Another of the problems^ Ehrman has created is "he is shifting the argument and framing it as a personal attack". In a May 2012 blog-post
Ehrman claimed to not know of mythicism:
Writing Did Jesus Exist was an interesting task. For one thing, before writing the book, like most New Testament scholars, I knew almost nothing about the mythicist movement ...
... What I was surprised to learn in doing my preparation for the book was just how extensive the research was that mythicists had done, how many arguments they had amassed, how many issues they addressed. Some of their works are voluminous.
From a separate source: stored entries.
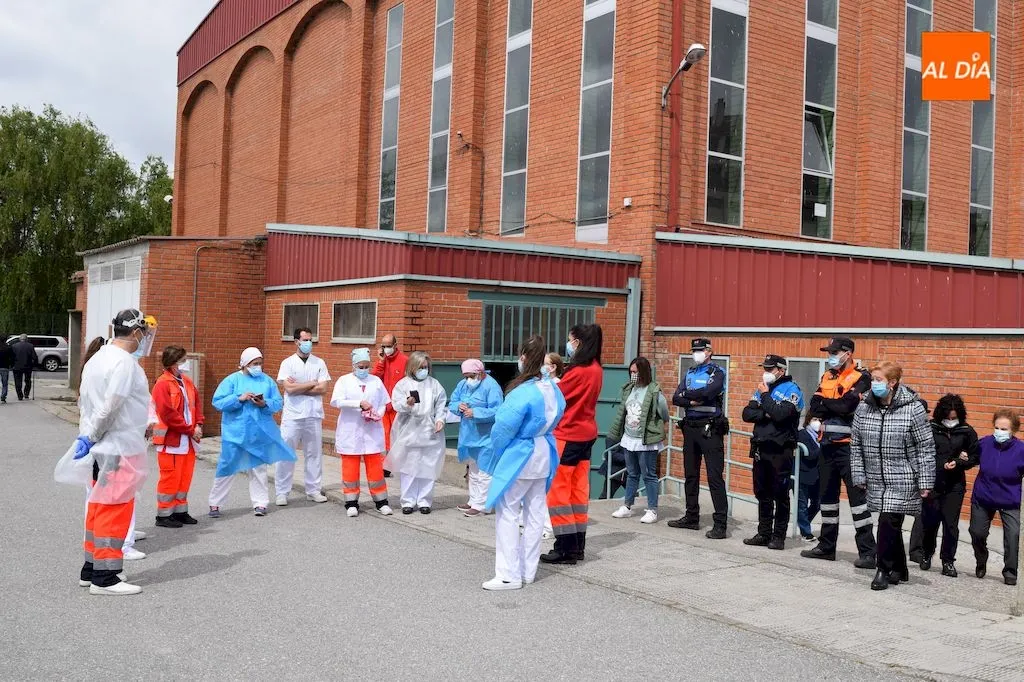 Coincidiendo hoy miércoles 12 de mayo con la celebración del Día Internacional de la Enfermería, los sanitarios encargados de llevar a cabo la vacunación masiva en Alba de Tormes guardaron un minuto de silencio en memoria de sus compañeros fallecidos.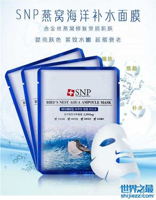 SNP燕窝水库面膜含有燕窝(金丝燕燕窝)萃取物1000mg,对因缺水而引起干燥的皮肤集中进行水分供给,增加皮肤自身含水量,使皮肤润泽水嫩,快速消除皮肤瑕疵,恢复皮肤光滑整洁的自身健康状态。采用细胞质纤维分子,令面膜和脸部更贴合,不影响活动。不含有害成分无防腐剂,矿油,人工色素,合成硅胶。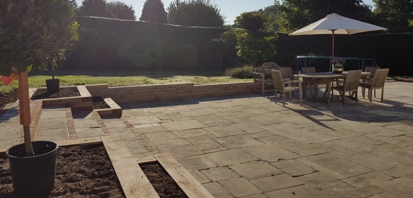 What an amazing Summer we're having...and it's so lovely to be working outside for this Hampshire client, building them a large new terrace with brick edged steps and oak sleeper planting beds. They couldn't wait for us to finish before setting up the table and chairs!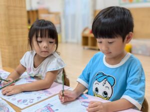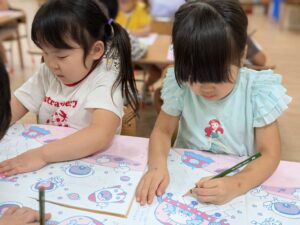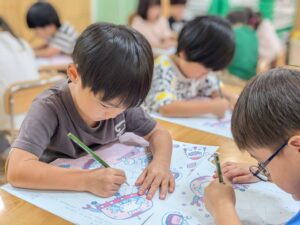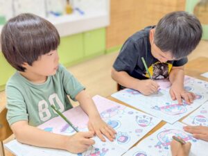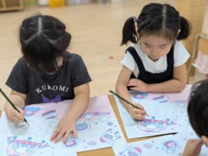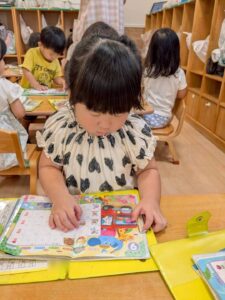 9月に入り、平仮名のワークを始めました📝✨️鉛筆の持ち方からどのぐらいの強さで持つのか、片付けの仕方などを学んだあとに早速挑戦‼️まだ最初の方なので平仮名は出ていないですが鉛筆を持てることが嬉しくてとても集中して頑張る姿が✨️

Yet, he framed them as being frustrated by not being taken seriously, and presented a strawman red-herring of political motivation
I wonder if that is related at all to the culture wars going on right now over religion. As the “religious right” tries to assert itself increasingly in the public discourse and to foist its moral agendas on the rest of us, the “neo-atheists” have arisen issuing a serious challenge not just to the right but to religion itself. Are the mythicists gaining traction because of the reaction of the left against the right?
Ehrman has failed to engage mythicists
arguments: he has, as manoj says, just gone
ad hominem. Carrier has muddied the waters, and made a rod for his own back, too.
It is such a pity Ehrman has not engaged mythicists arguments in relation to his own previous good works; particularly those of the Dutch Radicals.